What makes Roberts' petty, self-absorbed grievance all the more striking is that this is what judges do all the time.  It's the essence of the judicial branch.  Federal judges are basically absolute tyrants who rule over their courtroom and those in it with virtually no restraints.  They can and do scold, criticize, berate, mock, humiliate and threaten anyone who appears before their little fiefdoms -- parties, defendants, lawyers, witnesses, audience members -- and not merely "decorum," but the force of law (in the form of contempt citations or other penalties), compels the target to sit silently and not respond.  In fact, lawyers can be, and have been, punished just for publicly criticizing a judge

As is true for any large group of people, the range of behavior varies greatly, from unfailingly polite judges to pathologically thuggish ones, but the core dynamic of the judicial process is that judges wield absolute power and everyone else is essentially captive to their whims.  That is why the overriding attribute of those who interact with them is one of extreme, royalty-like deference, both formally (standing when they enter, addressing them as "Your Honor," having them sit always on an elevated platform, decked in their flowing, magisterial robes) as well as informally (watch any court proceeding and see lawyers petrified of somehow offending the judge).  To say that, for many of them, this endless deference affects their expectations and sense of entitlements is to understate the case, as Roberts just proved.

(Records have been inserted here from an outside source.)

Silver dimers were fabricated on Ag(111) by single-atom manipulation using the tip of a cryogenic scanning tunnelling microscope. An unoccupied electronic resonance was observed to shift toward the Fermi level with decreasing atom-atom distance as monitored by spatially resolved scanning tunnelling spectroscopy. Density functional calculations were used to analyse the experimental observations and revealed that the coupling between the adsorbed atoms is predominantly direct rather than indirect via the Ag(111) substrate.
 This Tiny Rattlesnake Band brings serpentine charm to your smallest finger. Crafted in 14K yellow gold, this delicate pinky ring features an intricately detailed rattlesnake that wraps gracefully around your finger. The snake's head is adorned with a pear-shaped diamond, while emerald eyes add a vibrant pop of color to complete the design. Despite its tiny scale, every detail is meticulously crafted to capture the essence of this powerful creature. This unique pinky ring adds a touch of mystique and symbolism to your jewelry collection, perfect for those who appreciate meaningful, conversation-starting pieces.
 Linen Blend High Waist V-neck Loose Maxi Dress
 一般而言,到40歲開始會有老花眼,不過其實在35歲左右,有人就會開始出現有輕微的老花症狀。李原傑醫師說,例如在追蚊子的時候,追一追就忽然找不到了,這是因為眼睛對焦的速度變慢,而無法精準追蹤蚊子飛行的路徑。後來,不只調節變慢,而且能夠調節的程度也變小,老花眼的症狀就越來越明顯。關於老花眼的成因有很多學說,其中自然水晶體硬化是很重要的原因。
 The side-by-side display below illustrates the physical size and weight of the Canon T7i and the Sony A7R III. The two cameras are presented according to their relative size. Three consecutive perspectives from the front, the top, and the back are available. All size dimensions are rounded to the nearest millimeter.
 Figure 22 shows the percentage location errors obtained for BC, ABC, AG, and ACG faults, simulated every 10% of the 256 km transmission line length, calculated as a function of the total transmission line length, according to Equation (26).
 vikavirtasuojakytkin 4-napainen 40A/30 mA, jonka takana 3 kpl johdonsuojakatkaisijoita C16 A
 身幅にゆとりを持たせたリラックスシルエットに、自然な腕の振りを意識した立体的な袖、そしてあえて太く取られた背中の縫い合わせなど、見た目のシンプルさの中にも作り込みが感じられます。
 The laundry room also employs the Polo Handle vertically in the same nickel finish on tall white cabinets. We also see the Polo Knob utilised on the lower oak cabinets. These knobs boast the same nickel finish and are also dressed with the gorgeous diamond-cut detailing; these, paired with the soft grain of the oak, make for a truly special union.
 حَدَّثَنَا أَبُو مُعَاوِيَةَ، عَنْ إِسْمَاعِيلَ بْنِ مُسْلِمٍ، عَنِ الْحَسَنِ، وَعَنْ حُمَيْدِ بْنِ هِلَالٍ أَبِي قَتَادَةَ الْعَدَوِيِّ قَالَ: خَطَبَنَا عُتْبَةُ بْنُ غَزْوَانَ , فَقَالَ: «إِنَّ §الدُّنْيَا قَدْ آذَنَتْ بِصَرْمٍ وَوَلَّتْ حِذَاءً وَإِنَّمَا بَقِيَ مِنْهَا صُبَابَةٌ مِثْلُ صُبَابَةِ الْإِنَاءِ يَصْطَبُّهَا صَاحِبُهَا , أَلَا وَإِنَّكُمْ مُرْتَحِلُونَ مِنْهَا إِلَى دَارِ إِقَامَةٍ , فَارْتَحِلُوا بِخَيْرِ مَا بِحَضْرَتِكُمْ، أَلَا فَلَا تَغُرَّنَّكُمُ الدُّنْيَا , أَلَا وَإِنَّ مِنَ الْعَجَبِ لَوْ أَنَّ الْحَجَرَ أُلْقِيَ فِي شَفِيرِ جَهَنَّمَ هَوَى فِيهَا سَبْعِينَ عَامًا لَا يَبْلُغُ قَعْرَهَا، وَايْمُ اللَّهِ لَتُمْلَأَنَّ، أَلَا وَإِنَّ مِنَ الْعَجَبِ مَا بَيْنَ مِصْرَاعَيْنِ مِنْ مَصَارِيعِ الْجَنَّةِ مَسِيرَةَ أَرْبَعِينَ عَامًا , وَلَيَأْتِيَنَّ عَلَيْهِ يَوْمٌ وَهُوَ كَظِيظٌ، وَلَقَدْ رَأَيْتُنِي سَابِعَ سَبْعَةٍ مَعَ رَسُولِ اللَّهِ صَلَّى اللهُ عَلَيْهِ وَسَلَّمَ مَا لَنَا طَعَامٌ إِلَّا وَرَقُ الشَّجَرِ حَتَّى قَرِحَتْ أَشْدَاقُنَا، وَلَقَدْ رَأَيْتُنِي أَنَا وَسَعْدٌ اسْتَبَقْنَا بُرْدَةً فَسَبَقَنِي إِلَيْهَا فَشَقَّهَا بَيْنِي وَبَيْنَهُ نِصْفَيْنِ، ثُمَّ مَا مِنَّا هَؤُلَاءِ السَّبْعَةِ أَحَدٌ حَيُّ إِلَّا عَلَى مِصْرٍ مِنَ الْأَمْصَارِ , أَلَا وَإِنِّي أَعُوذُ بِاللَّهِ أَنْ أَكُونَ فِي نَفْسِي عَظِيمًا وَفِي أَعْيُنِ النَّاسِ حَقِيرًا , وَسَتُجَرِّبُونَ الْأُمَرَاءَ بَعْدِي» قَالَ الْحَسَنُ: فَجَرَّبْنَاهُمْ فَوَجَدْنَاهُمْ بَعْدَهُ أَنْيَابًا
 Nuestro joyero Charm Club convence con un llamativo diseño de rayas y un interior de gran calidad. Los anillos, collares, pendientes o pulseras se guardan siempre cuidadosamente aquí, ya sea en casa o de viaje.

Supreme Court Justices, in particular, have awesome, unrestrained power.  They are guaranteed life tenure, have no authorities who can sanction them except under the most extreme circumstances, and, with the mere sweep of a pen, can radically alter the lives of huge numbers of people or even transform our political system (as five of them, including Roberts, just did, to some degree, in Citizens United).  The very idea that it's terribly wrong, uncouth, and "very troubling" for the President to criticize one of their most significant judicial decisions in a speech while in their majestic presence -- not threaten them, or have them arrested, or incite violence against them, but disagree with their conclusions and call for Congressional remedies (as Art. II, Sec. 3 of the Constitution requires) -- approaches pathological levels of vanity and entitlement.  The particular Obama/Roberts/Alito drama is an unimportant distraction, but what this reflects about the mindset of many judges, including (perhaps especially) ones on the Supreme Court and obviously the Chief Justice of that court, is definitely worth considering.